Fundamental division

In a totally not related but very appropriate follow-up to my post last week on the social safety net, Noam Scheiber at The New Republic has an analysis of the President’s inauguration speech up. Reading through the speech this morning, what struck me was just how progressive the rhetoric was, despite a relatively significant track record of not very progressive policies supported by the President over his first term. Scheiber points out that the speech is not unique for its liberal nature, but for its defense of liberalism, which is quite eloquent.

Scheiber also notes the fundamental divide that appears to exist in Americans’ understanding of the role of government that I mused on briefly.

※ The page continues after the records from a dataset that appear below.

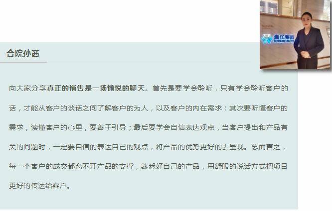 各項目經(jīng)理也根據(jù)自身從業(yè)多年的經(jīng)驗向大家進行了細(xì)致入微、引人入勝的分享。他們通過一個個真實、生動的案例展示了自己如何不斷摸索探尋機會,遇到困難絕不后退,鍥而不舍簽約成功等一系列過程。這些成功案例充滿了正能量,也凝聚著汗水與心血,得到了在聽營銷人員的共鳴,贏得了陣陣掌聲。
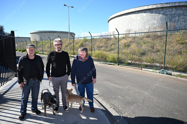 Techno Park Estate in Williamstown, that its fuel tanks located nearby are soon coming down. Pic of happy residents: Bryan Hogan and his dog Mini; John O’Hagan with his dog Zippy, and Helen Sinnema. (Damjan Janevski). 494716_03
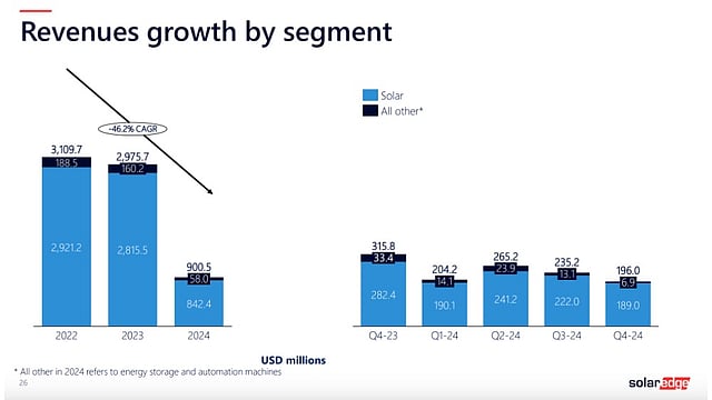 For FY2024, its total revenues of $901.5 million represented an annual decline of more than $2 billion from $2.98 billion in 2023, driven by solar business whose revenues dropped from $2.82 billion to $842.4 million.
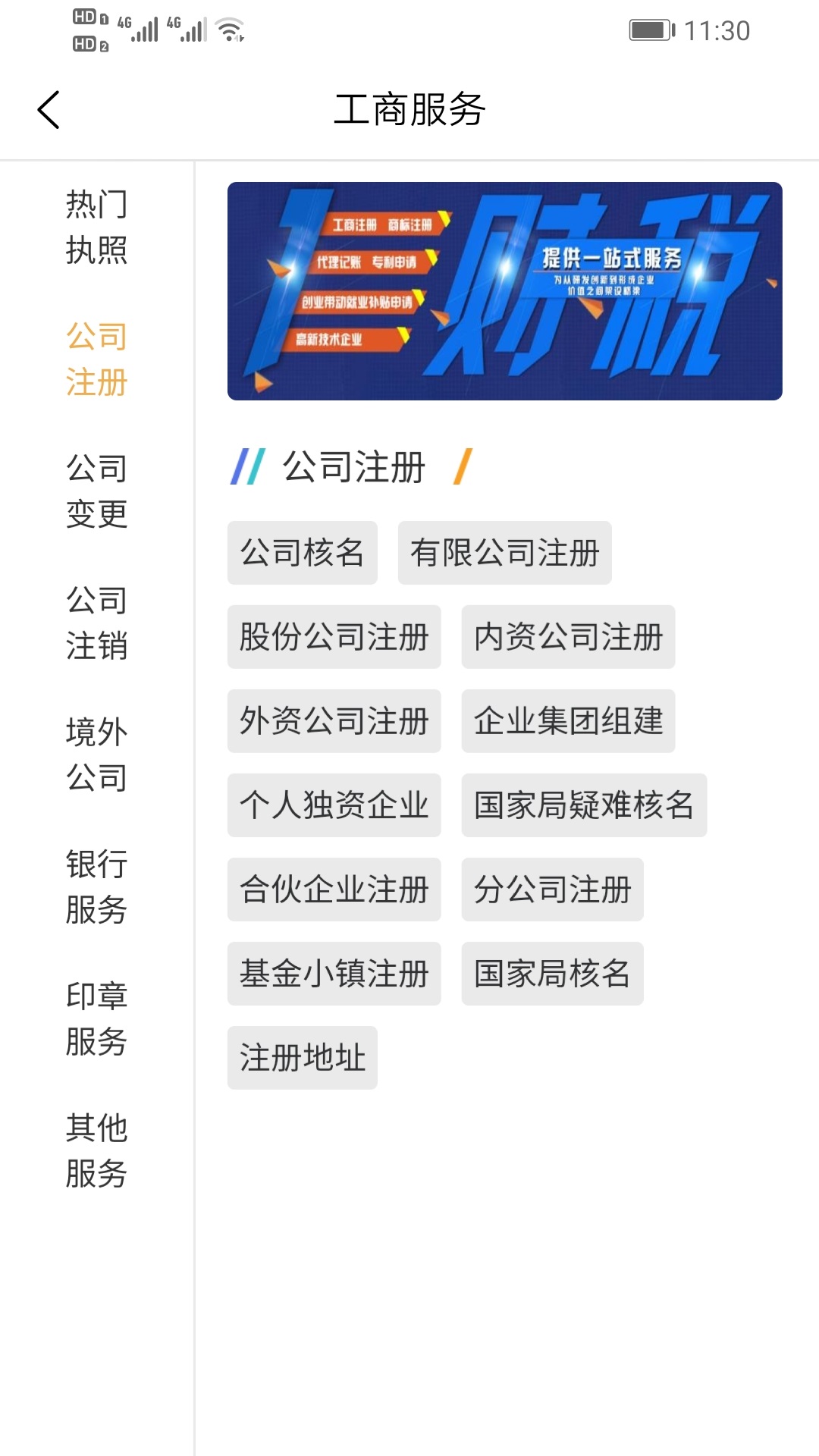 提供工商服务、财税服务、资质许可及人事服务

What Obama has learned over the past four years is that we don’t actually agree on that much. A lot of people—a huge chunk of the country, in fact—emphatically disagree him. It turns out that the bloodsport aspect of politics isn’t so much a cause of our dysfunction. It’s largely an effect—an extension of the fact that people have really strong feelings on both sides of these questions. And if you want to win some of them over, it’s not enough to raise the level of political discourse and treat one another with more civility. You’ve got to change how people feel about the underlying questions of policy and values. You’ve got to explain to them why too much income inequality is counterproductive and why the safety net is indispensable.

I wonder if this marks a significant coming policy shift in the Obama administration. We shall see, I guess.